### Data for this task

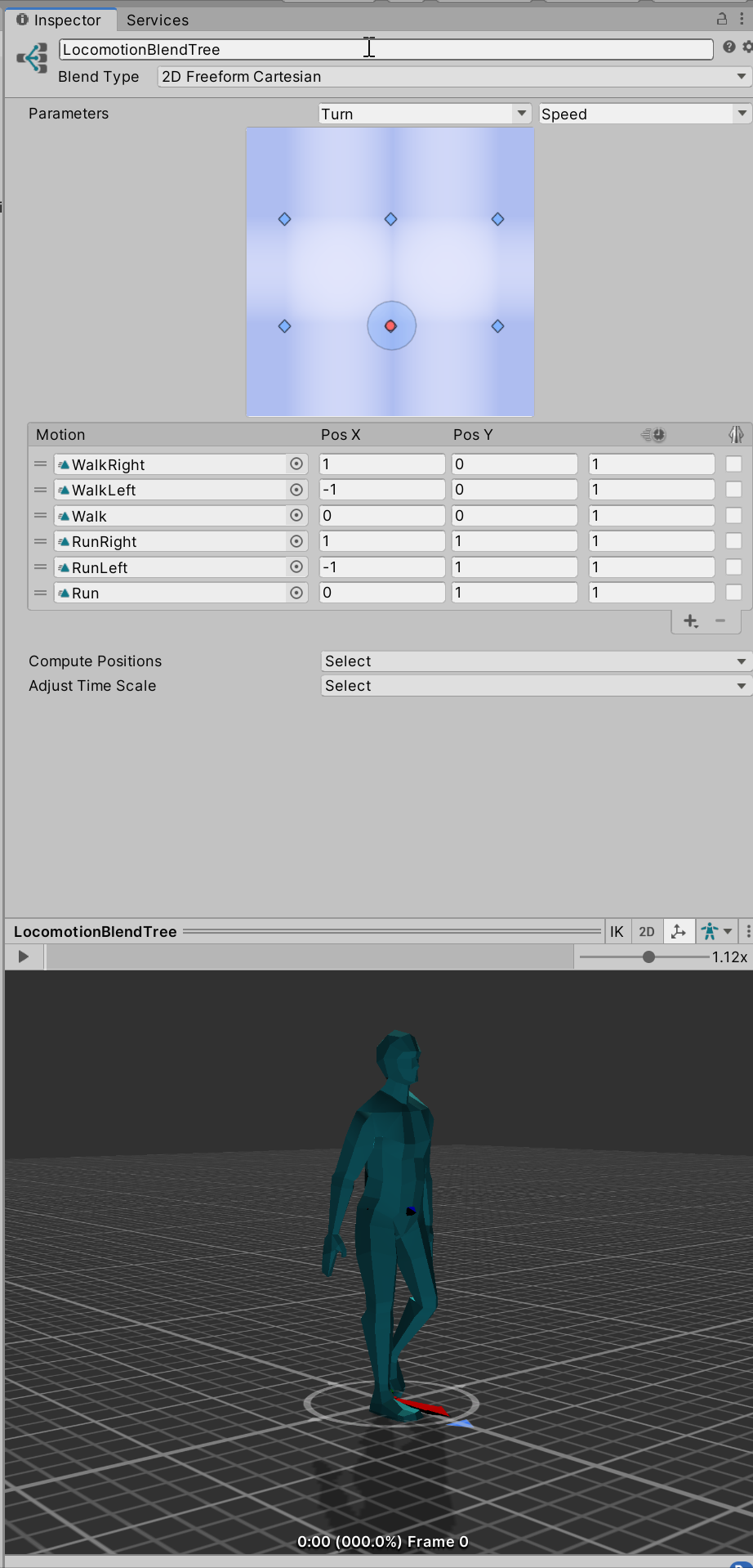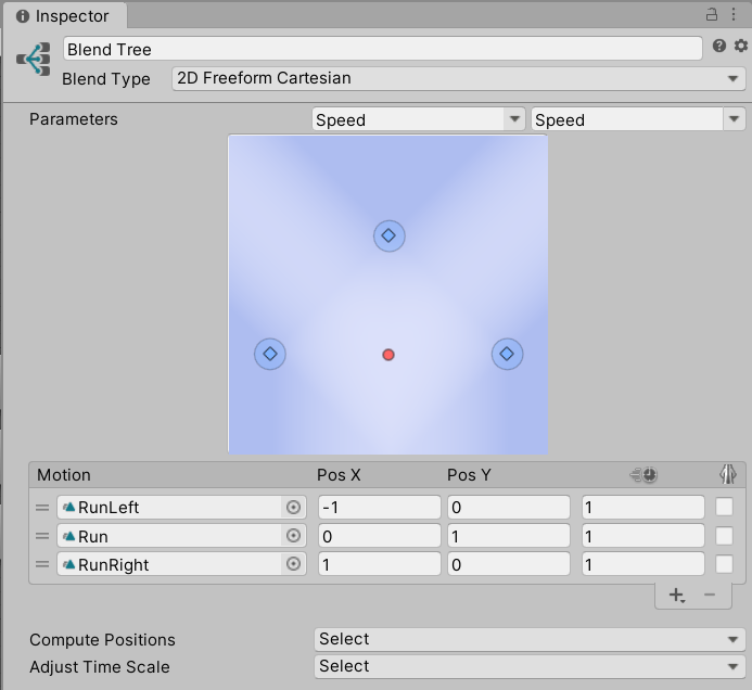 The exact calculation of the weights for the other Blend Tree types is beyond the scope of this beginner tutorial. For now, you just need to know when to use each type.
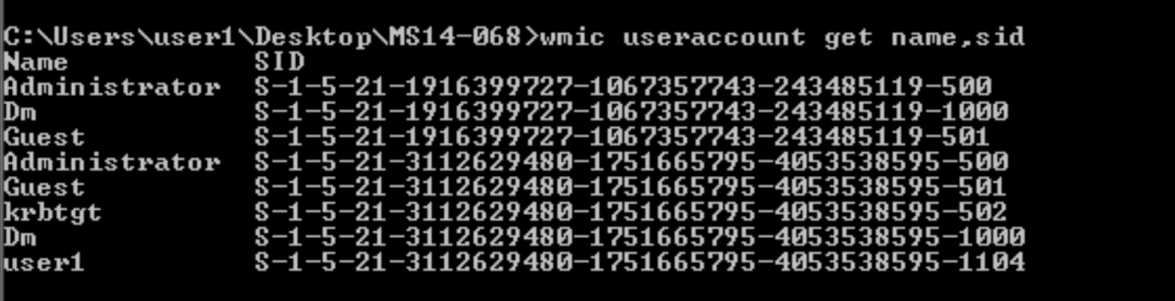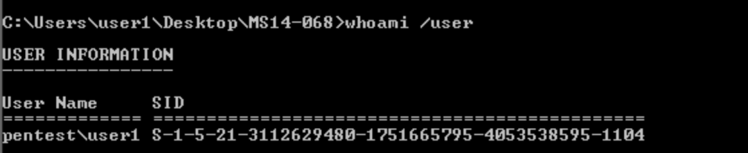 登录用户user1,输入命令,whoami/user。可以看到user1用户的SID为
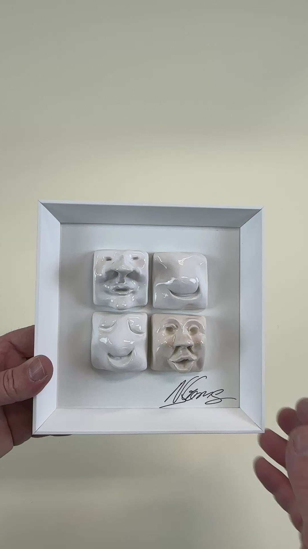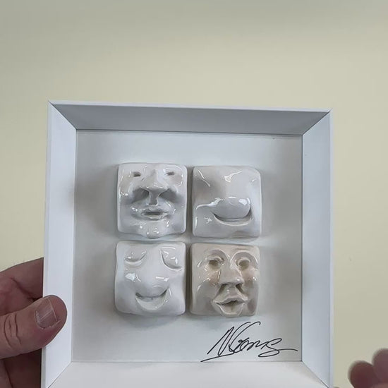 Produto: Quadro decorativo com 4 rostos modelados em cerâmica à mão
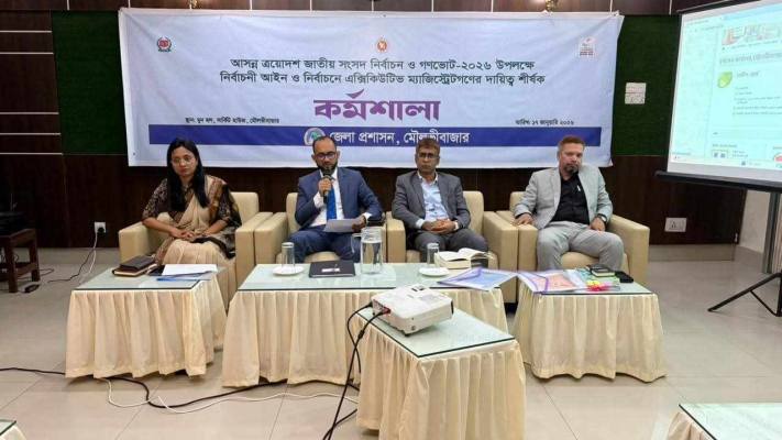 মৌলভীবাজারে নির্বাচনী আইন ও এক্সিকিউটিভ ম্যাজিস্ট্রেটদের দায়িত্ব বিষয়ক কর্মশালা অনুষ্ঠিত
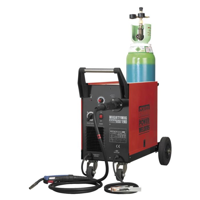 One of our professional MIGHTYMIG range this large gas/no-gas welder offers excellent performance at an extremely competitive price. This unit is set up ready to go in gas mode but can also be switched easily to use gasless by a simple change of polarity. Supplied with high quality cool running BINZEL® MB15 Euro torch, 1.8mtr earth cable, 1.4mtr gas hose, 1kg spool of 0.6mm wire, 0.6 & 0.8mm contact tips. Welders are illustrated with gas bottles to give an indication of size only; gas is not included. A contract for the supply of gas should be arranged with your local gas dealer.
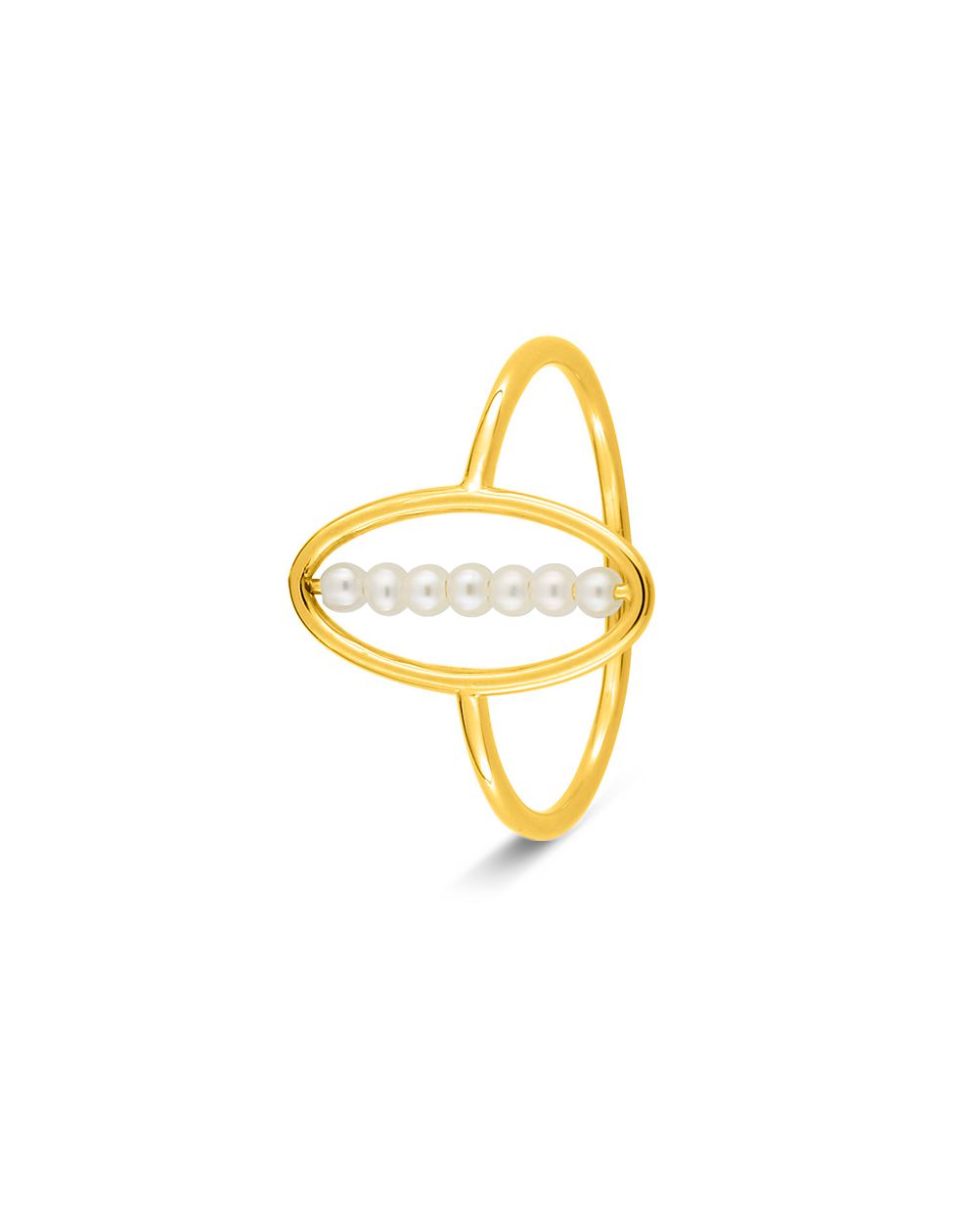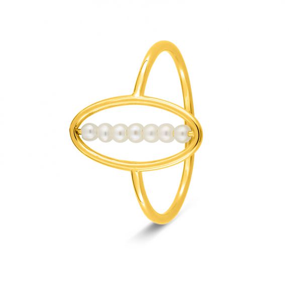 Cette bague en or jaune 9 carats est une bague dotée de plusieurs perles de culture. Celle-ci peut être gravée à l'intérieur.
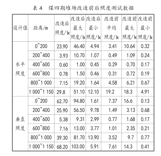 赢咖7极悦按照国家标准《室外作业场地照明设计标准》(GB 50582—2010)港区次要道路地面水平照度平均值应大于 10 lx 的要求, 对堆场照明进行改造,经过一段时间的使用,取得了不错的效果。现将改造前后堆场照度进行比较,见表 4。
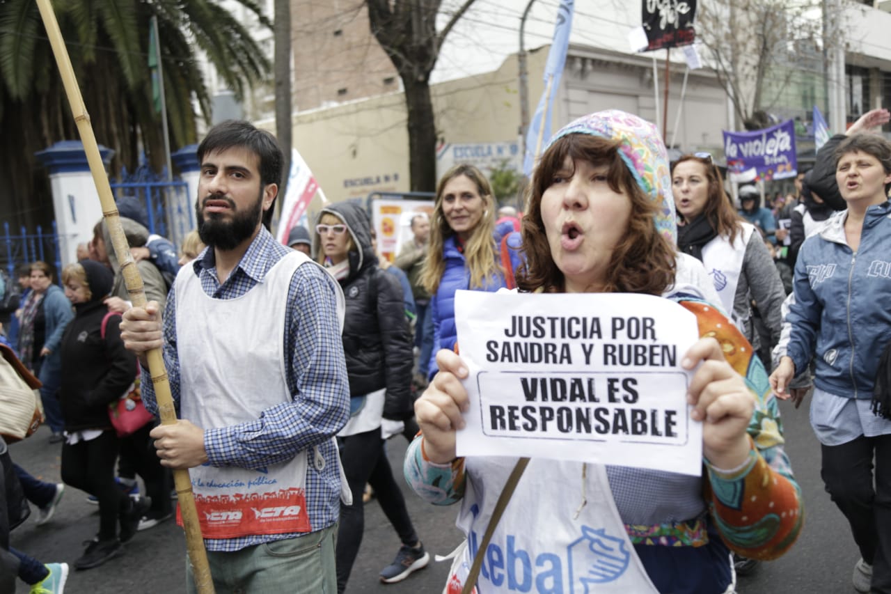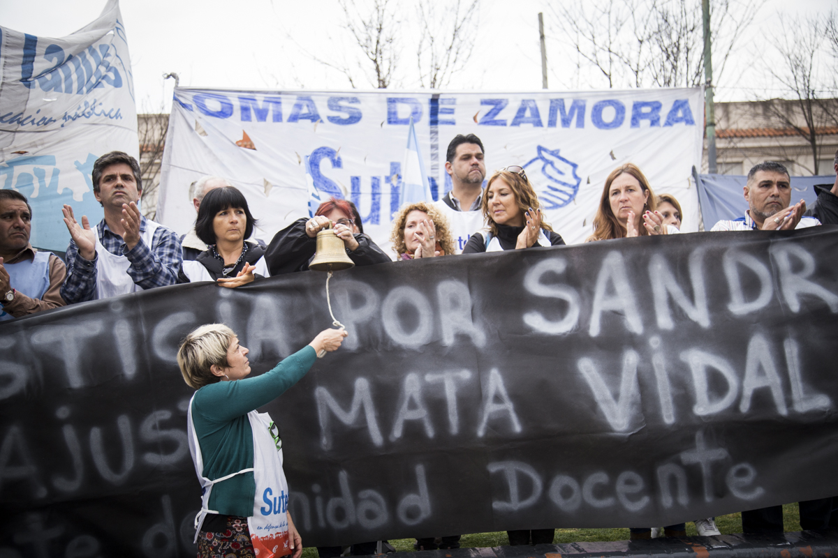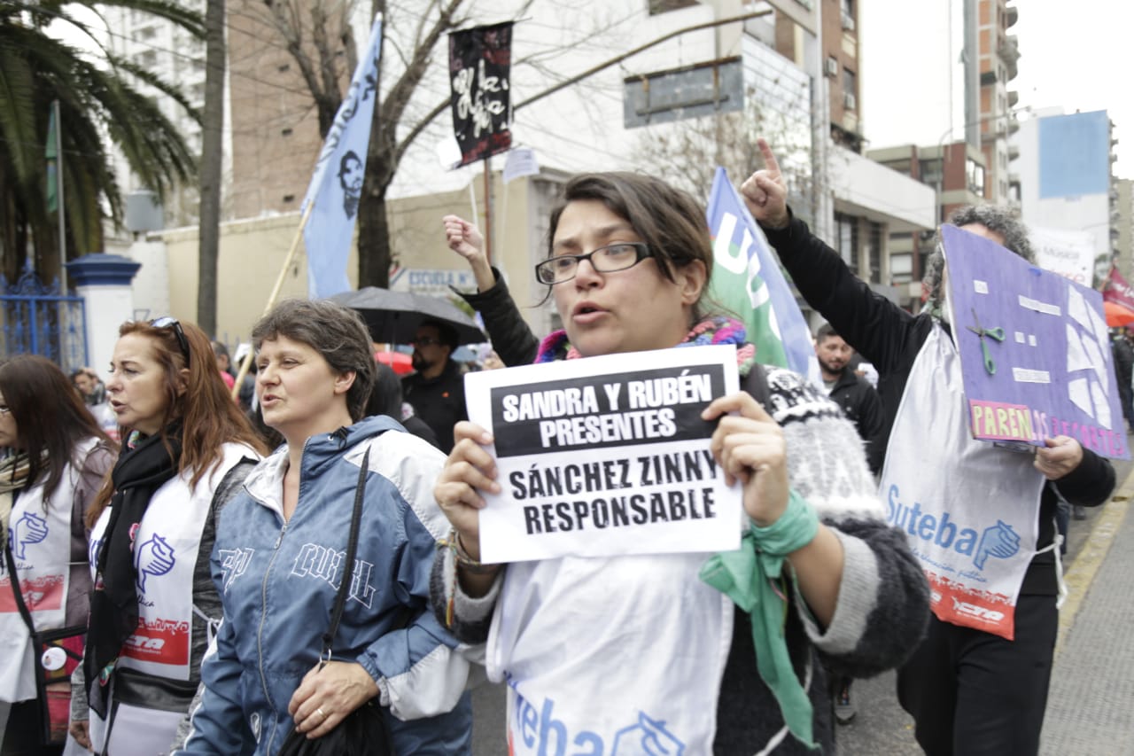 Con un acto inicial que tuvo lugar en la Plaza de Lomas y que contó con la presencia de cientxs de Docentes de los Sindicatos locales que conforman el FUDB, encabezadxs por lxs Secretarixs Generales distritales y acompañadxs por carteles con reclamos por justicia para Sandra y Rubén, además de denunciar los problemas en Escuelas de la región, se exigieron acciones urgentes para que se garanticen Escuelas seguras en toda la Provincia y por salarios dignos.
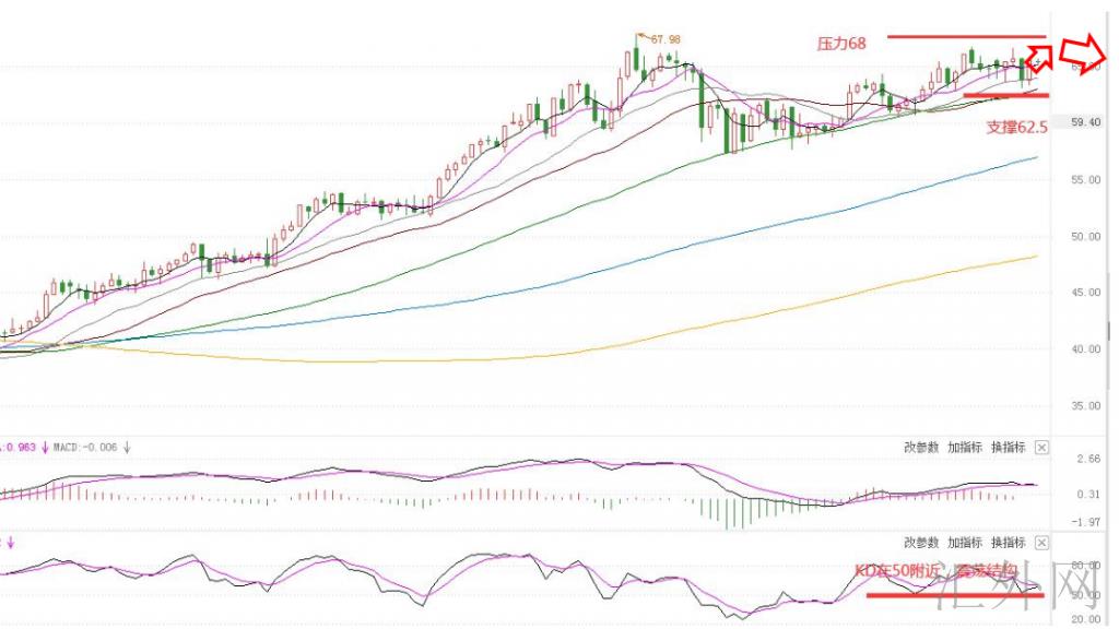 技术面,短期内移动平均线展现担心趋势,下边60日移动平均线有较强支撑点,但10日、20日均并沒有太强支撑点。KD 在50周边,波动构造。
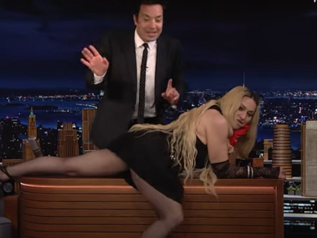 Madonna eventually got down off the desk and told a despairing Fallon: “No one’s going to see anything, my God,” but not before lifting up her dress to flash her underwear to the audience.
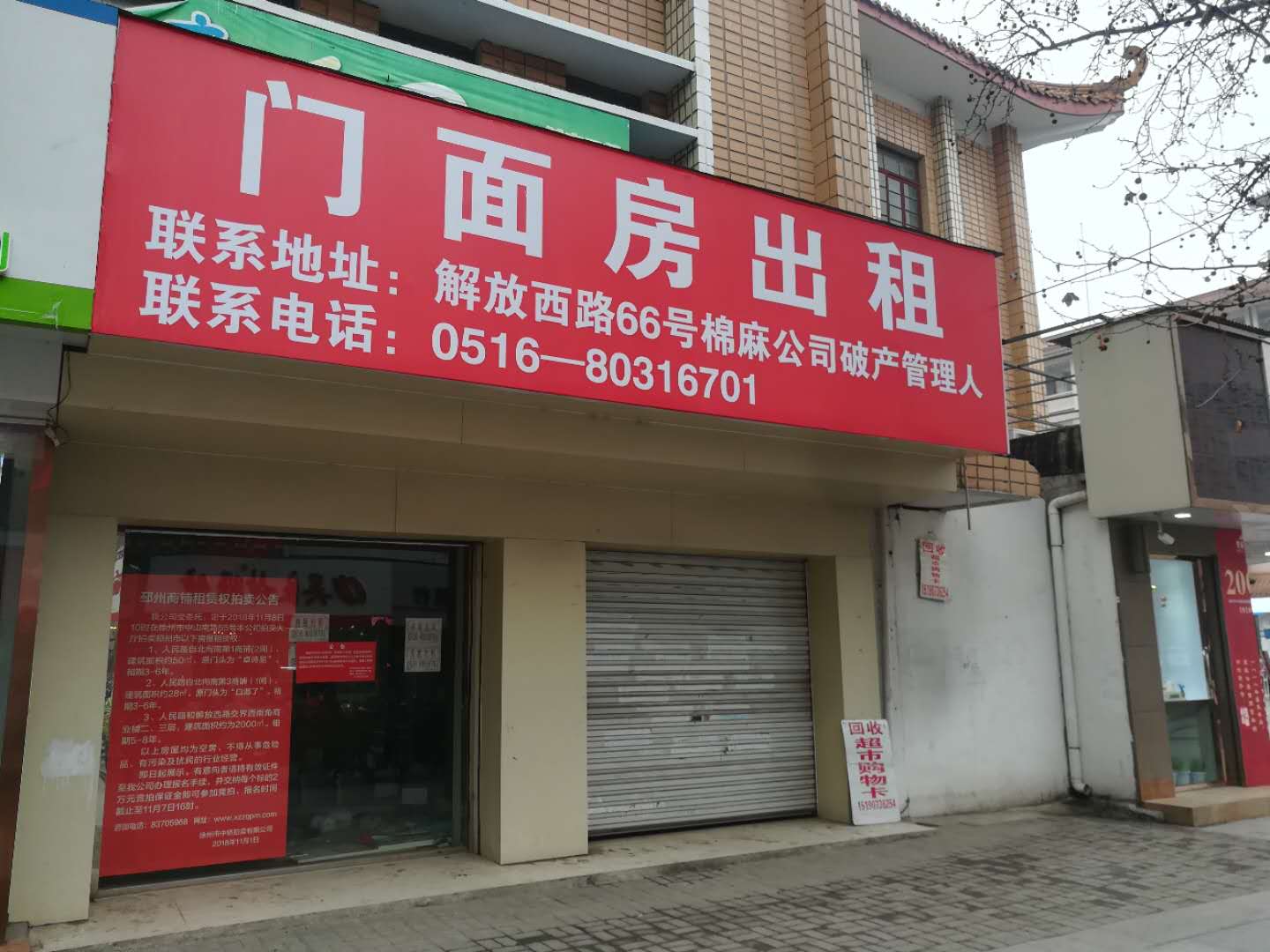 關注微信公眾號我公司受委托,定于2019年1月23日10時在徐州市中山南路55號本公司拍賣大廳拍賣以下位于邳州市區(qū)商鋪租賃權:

######

* [Work required] Reproduce each entry exactly as given; no pictures, please.

* [Solution]
 The exact calculation of the weights for the other Blend Tree types is beyond the scope of this beginner tutorial. For now, you just need to know when to use each type.
 登录用户user1,输入命令,whoami/user。可以看到user1用户的SID为
 Produto: Quadro decorativo com 4 rostos modelados em cerâmica à mão
 মৌলভীবাজারে নির্বাচনী আইন ও এক্সিকিউটিভ ম্যাজিস্ট্রেটদের দায়িত্ব বিষয়ক কর্মশালা অনুষ্ঠিত
 One of our professional MIGHTYMIG range this large gas/no-gas welder offers excellent performance at an extremely competitive price. This unit is set up ready to go in gas mode but can also be switched easily to use gasless by a simple change of polarity. Supplied with high quality cool running BINZEL® MB15 Euro torch, 1.8mtr earth cable, 1.4mtr gas hose, 1kg spool of 0.6mm wire, 0.6 & 0.8mm contact tips. Welders are illustrated with gas bottles to give an indication of size only; gas is not included. A contract for the supply of gas should be arranged with your local gas dealer.
 Cette bague en or jaune 9 carats est une bague dotée de plusieurs perles de culture. Celle-ci peut être gravée à l'intérieur.
 赢咖7极悦按照国家标准《室外作业场地照明设计标准》(GB 50582—2010)港区次要道路地面水平照度平均值应大于 10 lx 的要求, 对堆场照明进行改造,经过一段时间的使用,取得了不错的效果。现将改造前后堆场照度进行比较,见表 4。
 Con un acto inicial que tuvo lugar en la Plaza de Lomas y que contó con la presencia de cientxs de Docentes de los Sindicatos locales que conforman el FUDB, encabezadxs por lxs Secretarixs Generales distritales y acompañadxs por carteles con reclamos por justicia para Sandra y Rubén, además de denunciar los problemas en Escuelas de la región, se exigieron acciones urgentes para que se garanticen Escuelas seguras en toda la Provincia y por salarios dignos.
 技术面,短期内移动平均线展现担心趋势,下边60日移动平均线有较强支撑点,但10日、20日均并沒有太强支撑点。KD 在50周边,波动构造。
 Madonna eventually got down off the desk and told a despairing Fallon: “No one’s going to see anything, my God,” but not before lifting up her dress to flash her underwear to the audience.
 關注微信公眾號我公司受委托,定于2019年1月23日10時在徐州市中山南路55號本公司拍賣大廳拍賣以下位于邳州市區(qū)商鋪租賃權:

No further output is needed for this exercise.